Instructions for the task
For this exercise, the lines from the one with "The children’s area" through the final line of the data below are to be transcribed exactly, and pictures are to be skipped.

Stored data
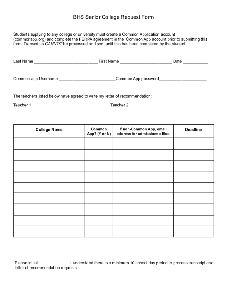 BHS Senior College Request Form Students applying to any college or university must create a Common Application account (common app.org) and complete the FER PA agreement in the Common App account
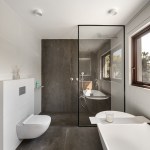 The children’s area is located half a floor up. The design is clean and modern, with oak parquet flooring. The master suite is located another half floor up and includes a bedroom, closets with book storage, a sizeable balcony, and a luxurious freestanding bathtub in the en-suite bathroom
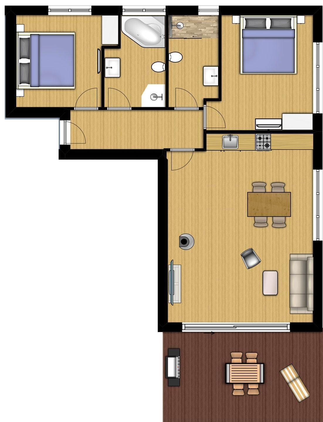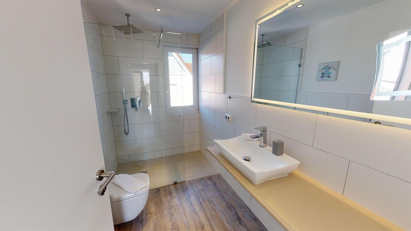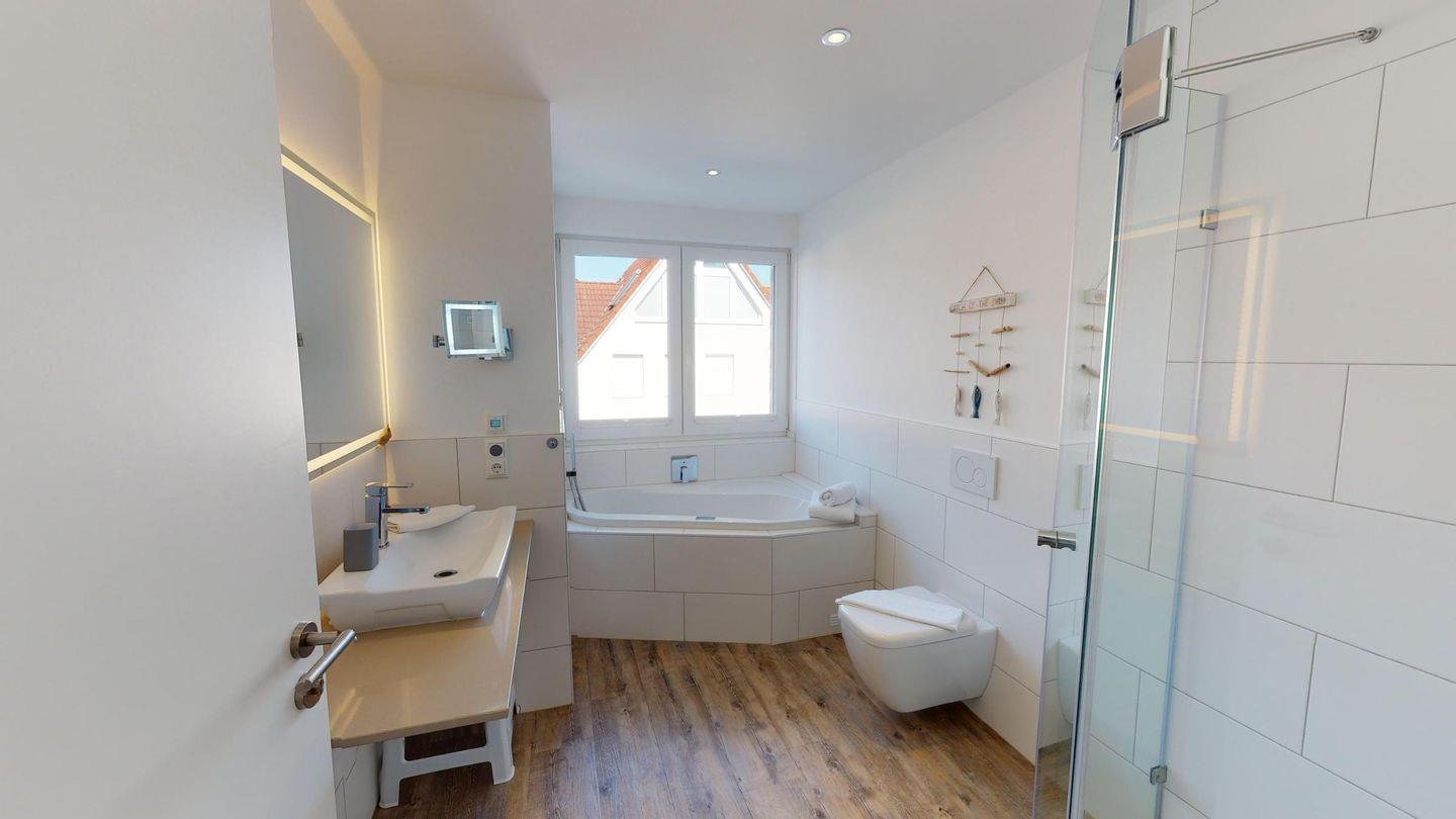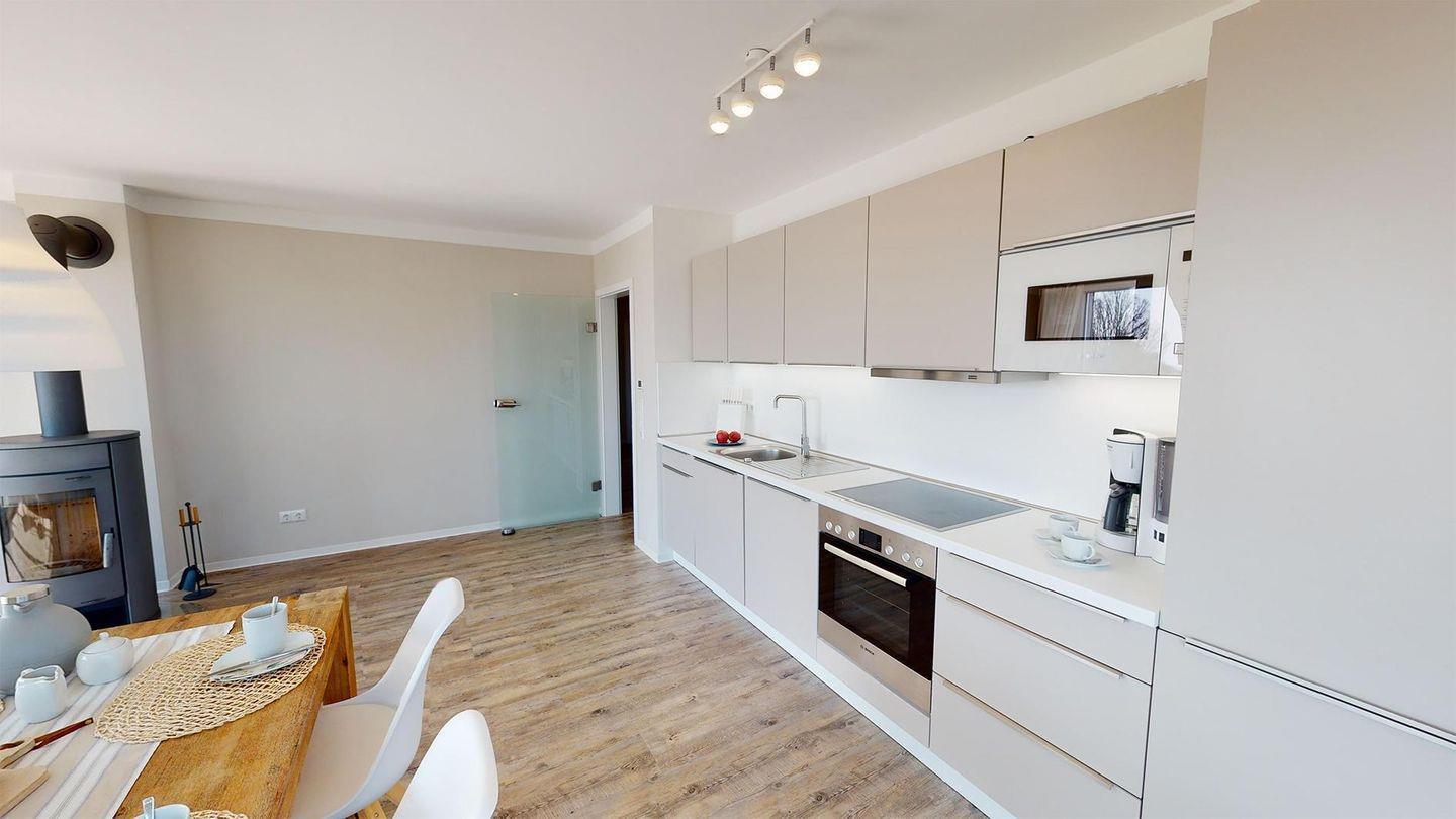 Die beiden Schlafzimmer sind mit hochwertigen Boxspringbetten ausgestattet, inklusive Verdunklungsplissees und Flachbildfernsehern. Das Apartment verfügt über ein Duschbad mit einer Regenbrause sowie ein weiteres Badezimmer mit einer Whirlwanne. In beiden Bädern finden sich beleuchtete Wand- und Kosmetikspiegel sowie Wandradios mit Bluetooth-Verbindung. Das Wohnzimmer zeichnet sich durch seine Helligkeit aus, während die voll ausgestattete Küche zum Genießen einlädt. Ein Essbereich und ein gemütlicher Sofabereich mit Kaminofen vervollständigen den Wohnraum.

Written answer
 The children’s area is located half a floor up. The design is clean and modern, with oak parquet flooring. The master suite is located another half floor up and includes a bedroom, closets with book storage, a sizeable balcony, and a luxurious freestanding bathtub in the en-suite bathroom
 Die beiden Schlafzimmer sind mit hochwertigen Boxspringbetten ausgestattet, inklusive Verdunklungsplissees und Flachbildfernsehern. Das Apartment verfügt über ein Duschbad mit einer Regenbrause sowie ein weiteres Badezimmer mit einer Whirlwanne. In beiden Bädern finden sich beleuchtete Wand- und Kosmetikspiegel sowie Wandradios mit Bluetooth-Verbindung. Das Wohnzimmer zeichnet sich durch seine Helligkeit aus, während die voll ausgestattete Küche zum Genießen einlädt. Ein Essbereich und ein gemütlicher Sofabereich mit Kaminofen vervollständigen den Wohnraum.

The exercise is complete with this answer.